Exercise ▸ Each line from the top of the listing down to and including the line with "但是王楚钦在发球环节给樊振东" must be duplicated exactly; pictures are to be skipped.

Collected data ▸
---
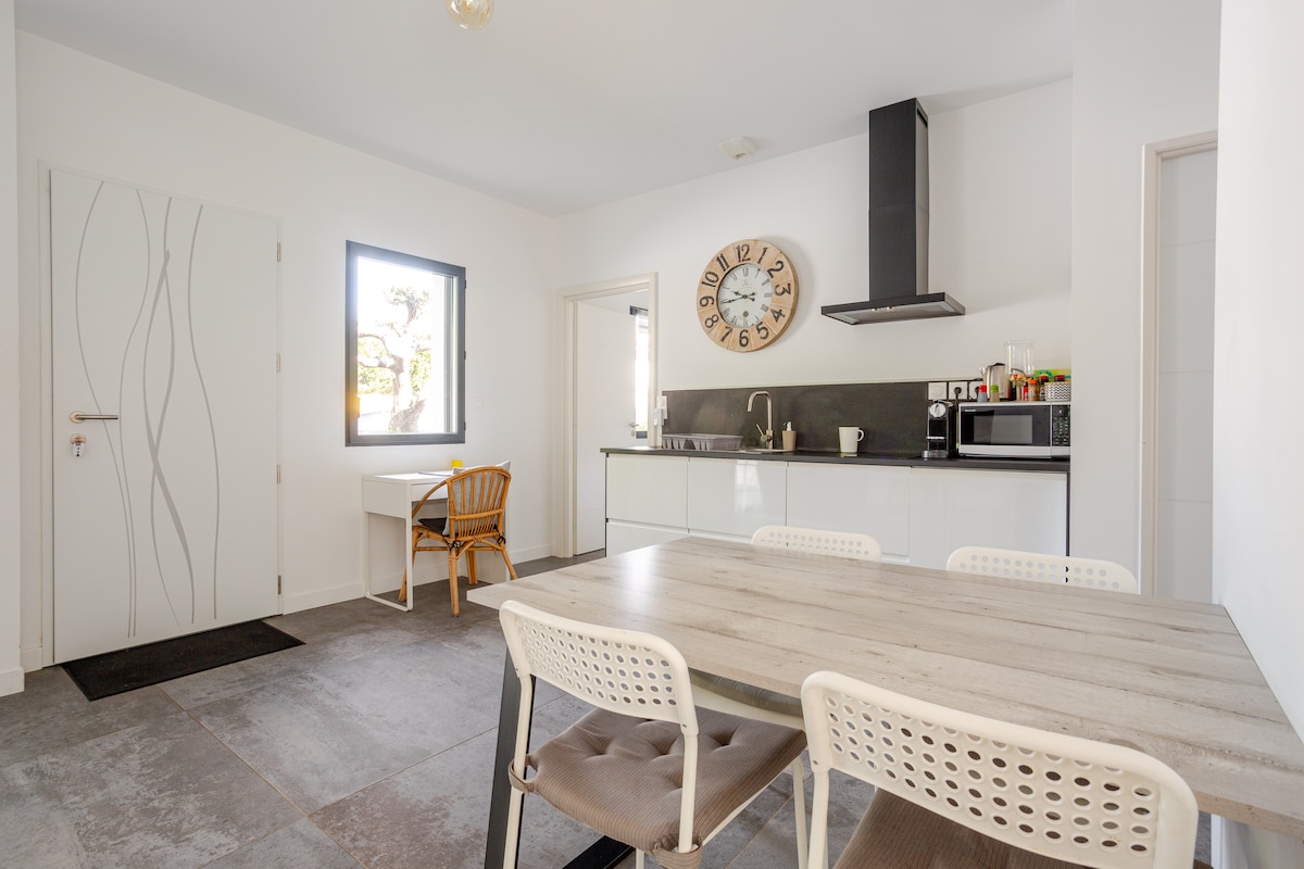 Relájese en este alojamiento tranquilo y elegante. Casa totalmente independiente que consta de: Salón con cocina, 2 dormitorios con camas de 160, 1 baño con inodoro. Cuna disponible si es necesario. Podrá disfrutar de una bonita terraza con zona de comedor y barbacoa, sin vecinos. Estamos idealmente situados, entre Burdeos, la cuenca de Arcachon y Biscarrosse, a unos 30 minutos de cada una de estas ciudades Fácil acceso a las tiendas, pero es necesario disponer de vehículo. Acceso rápido a la A63.
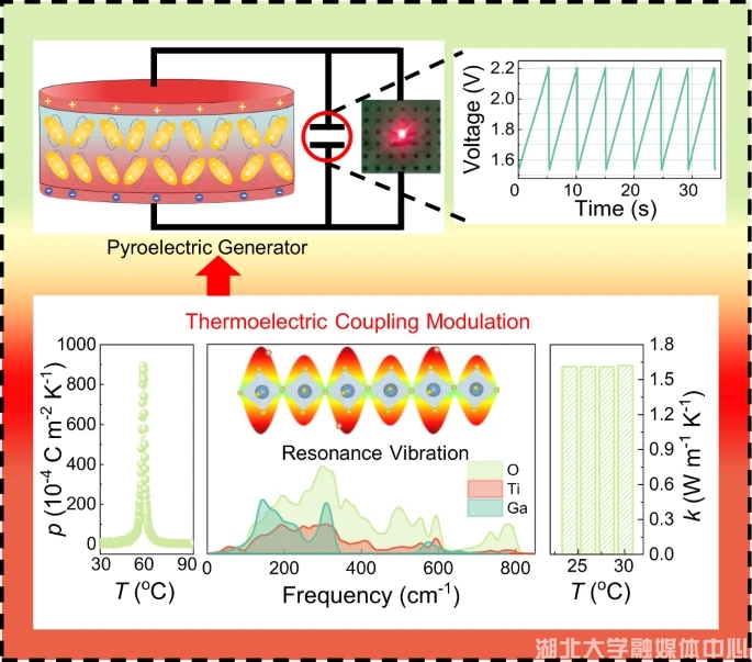 基于半导体材料的热电能量收集因其将空间温度梯度转化为电能的能力而被广泛探索。作为热电技术的补充,基于铁电材料热释电效应的热能收集器可以将低温级的废热转化为电能,几乎不需要任何外部维护即可自主工作。这种热释电能量收集器适用于为无源传感器网络、医疗健康监测和智能住宅系统提供绿色电力。
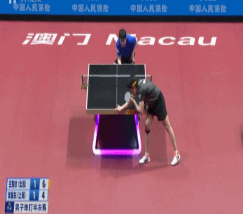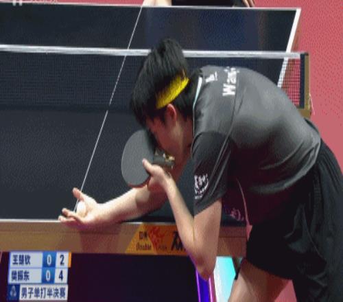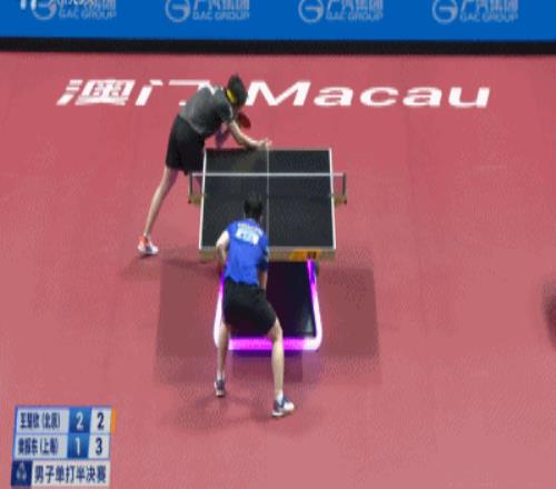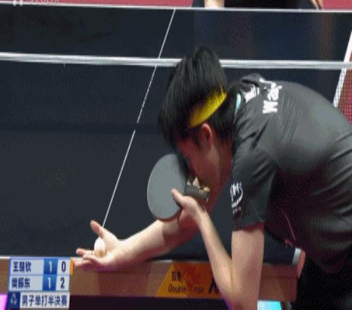 但是王楚钦在发球环节给樊振东极大压力——1比3,王楚钦发了一个台角保护的半出台,樊振东一吊,被早等在位置的王楚钦一个倒地爆冲。
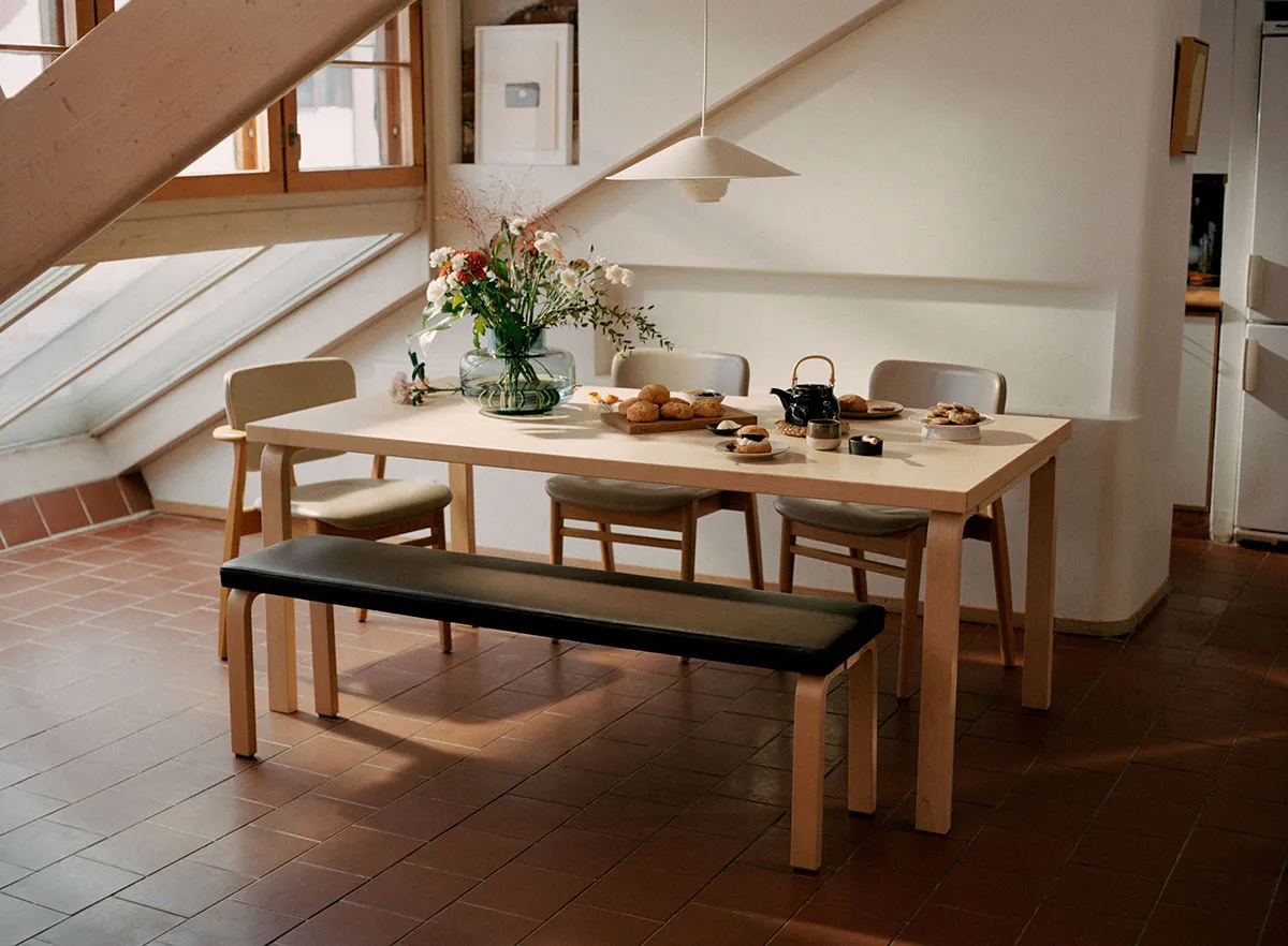Aalto Benches are functional and versatile, equally at home in the public and private spheres. Combining strength with the warm organic qualities of Finnish birch, Aalto Benches pair naturally with tables and other forms of seating. Now available in two larger new sizes and with new seat options, Aalto Benches are the perfect match for every occasion.
---
Solved exercise ▸
 Relájese en este alojamiento tranquilo y elegante. Casa totalmente independiente que consta de: Salón con cocina, 2 dormitorios con camas de 160, 1 baño con inodoro. Cuna disponible si es necesario. Podrá disfrutar de una bonita terraza con zona de comedor y barbacoa, sin vecinos. Estamos idealmente situados, entre Burdeos, la cuenca de Arcachon y Biscarrosse, a unos 30 minutos de cada una de estas ciudades Fácil acceso a las tiendas, pero es necesario disponer de vehículo. Acceso rápido a la A63.
 基于半导体材料的热电能量收集因其将空间温度梯度转化为电能的能力而被广泛探索。作为热电技术的补充,基于铁电材料热释电效应的热能收集器可以将低温级的废热转化为电能,几乎不需要任何外部维护即可自主工作。这种热释电能量收集器适用于为无源传感器网络、医疗健康监测和智能住宅系统提供绿色电力。
 但是王楚钦在发球环节给樊振东极大压力——1比3,王楚钦发了一个台角保护的半出台,樊振东一吊,被早等在位置的王楚钦一个倒地爆冲。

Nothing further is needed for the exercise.